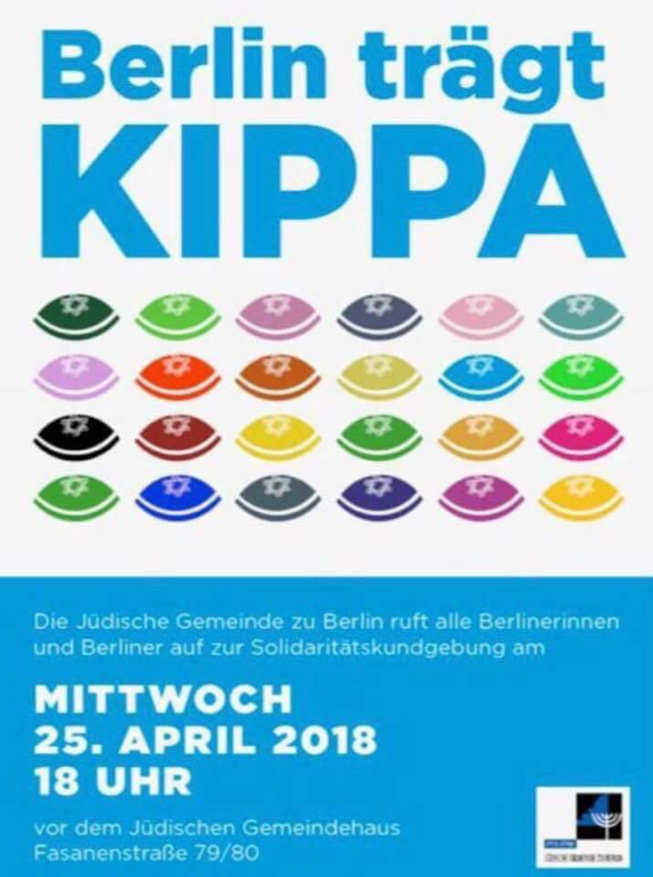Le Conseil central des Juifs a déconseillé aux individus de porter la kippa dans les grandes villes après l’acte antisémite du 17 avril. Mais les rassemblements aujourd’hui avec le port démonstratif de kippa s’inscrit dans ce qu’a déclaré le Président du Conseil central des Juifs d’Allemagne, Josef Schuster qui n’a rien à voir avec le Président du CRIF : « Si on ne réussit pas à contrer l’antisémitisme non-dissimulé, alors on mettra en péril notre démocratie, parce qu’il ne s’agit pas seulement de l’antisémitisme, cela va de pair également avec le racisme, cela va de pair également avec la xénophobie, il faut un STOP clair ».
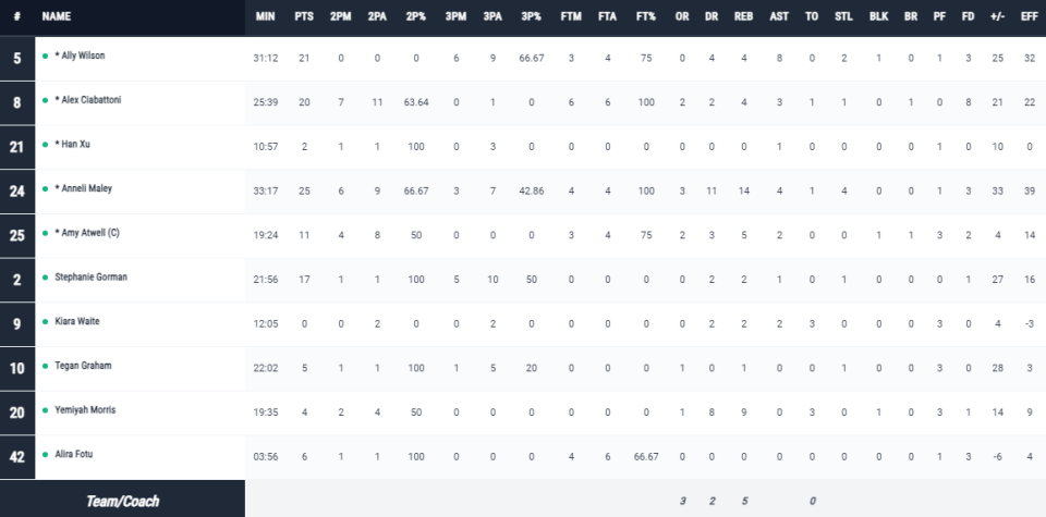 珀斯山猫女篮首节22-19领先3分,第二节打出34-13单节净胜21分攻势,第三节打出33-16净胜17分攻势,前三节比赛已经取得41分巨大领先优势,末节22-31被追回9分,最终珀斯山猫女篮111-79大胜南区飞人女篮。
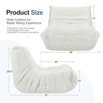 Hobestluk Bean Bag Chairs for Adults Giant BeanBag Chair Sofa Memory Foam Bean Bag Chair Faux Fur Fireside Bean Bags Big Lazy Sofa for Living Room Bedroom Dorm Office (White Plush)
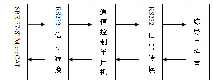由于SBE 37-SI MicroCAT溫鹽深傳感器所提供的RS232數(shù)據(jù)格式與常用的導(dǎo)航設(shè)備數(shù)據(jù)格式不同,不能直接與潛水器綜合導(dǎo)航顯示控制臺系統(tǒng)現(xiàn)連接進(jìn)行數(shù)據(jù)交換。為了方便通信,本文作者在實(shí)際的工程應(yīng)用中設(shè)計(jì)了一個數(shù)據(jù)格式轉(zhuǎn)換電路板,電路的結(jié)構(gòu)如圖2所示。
------------------------
Copy the line showing "珀斯山猫女篮首节22-19领" exactly, along with each line after it through the end of the material above. Pictures stay out.

- [Result of the task]
 珀斯山猫女篮首节22-19领先3分,第二节打出34-13单节净胜21分攻势,第三节打出33-16净胜17分攻势,前三节比赛已经取得41分巨大领先优势,末节22-31被追回9分,最终珀斯山猫女篮111-79大胜南区飞人女篮。
 Hobestluk Bean Bag Chairs for Adults Giant BeanBag Chair Sofa Memory Foam Bean Bag Chair Faux Fur Fireside Bean Bags Big Lazy Sofa for Living Room Bedroom Dorm Office (White Plush)
由于SBE 37-SI MicroCAT溫鹽深傳感器所提供的RS232數(shù)據(jù)格式與常用的導(dǎo)航設(shè)備數(shù)據(jù)格式不同,不能直接與潛水器綜合導(dǎo)航顯示控制臺系統(tǒng)現(xiàn)連接進(jìn)行數(shù)據(jù)交換。為了方便通信,本文作者在實(shí)際的工程應(yīng)用中設(shè)計(jì)了一個數(shù)據(jù)格式轉(zhuǎn)換電路板,電路的結(jié)構(gòu)如圖2所示。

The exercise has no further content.